Start of Block

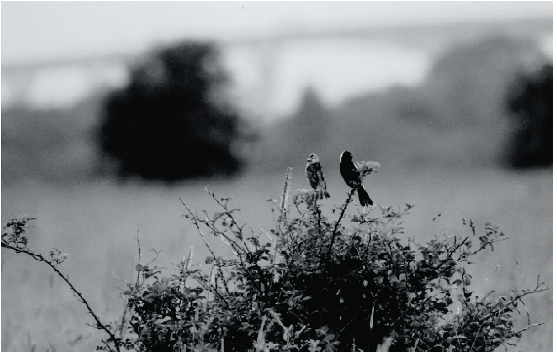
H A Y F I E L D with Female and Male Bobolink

End of Block
Start of Block

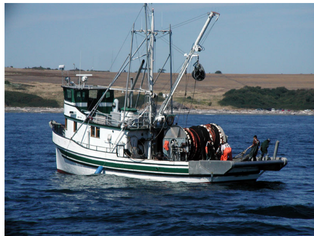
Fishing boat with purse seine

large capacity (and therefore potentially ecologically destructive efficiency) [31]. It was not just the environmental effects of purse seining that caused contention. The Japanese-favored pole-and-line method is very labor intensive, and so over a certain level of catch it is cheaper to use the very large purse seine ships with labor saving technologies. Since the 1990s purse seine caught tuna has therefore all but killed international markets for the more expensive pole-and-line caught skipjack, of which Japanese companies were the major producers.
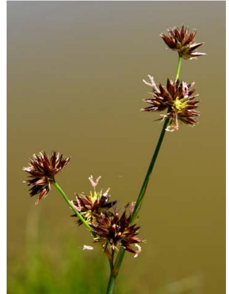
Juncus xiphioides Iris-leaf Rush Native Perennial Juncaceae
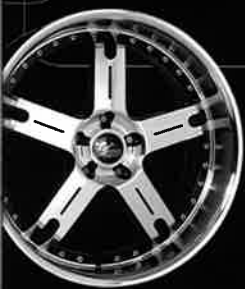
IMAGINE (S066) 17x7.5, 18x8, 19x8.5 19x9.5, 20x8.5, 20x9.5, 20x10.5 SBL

End of Block
Start of Block

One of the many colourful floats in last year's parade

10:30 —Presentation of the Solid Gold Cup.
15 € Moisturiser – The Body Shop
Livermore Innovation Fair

End of Block

## Problem requirements
Return exactly the lines above from the line that has "One of the many" through the line that has "Livermore Innovation Fair", inclusive, and nothing else.

## Result below
One of the many colourful floats in last year's parade

10:30 —Presentation of the Solid Gold Cup.
15 € Moisturiser – The Body Shop
Livermore Innovation Fair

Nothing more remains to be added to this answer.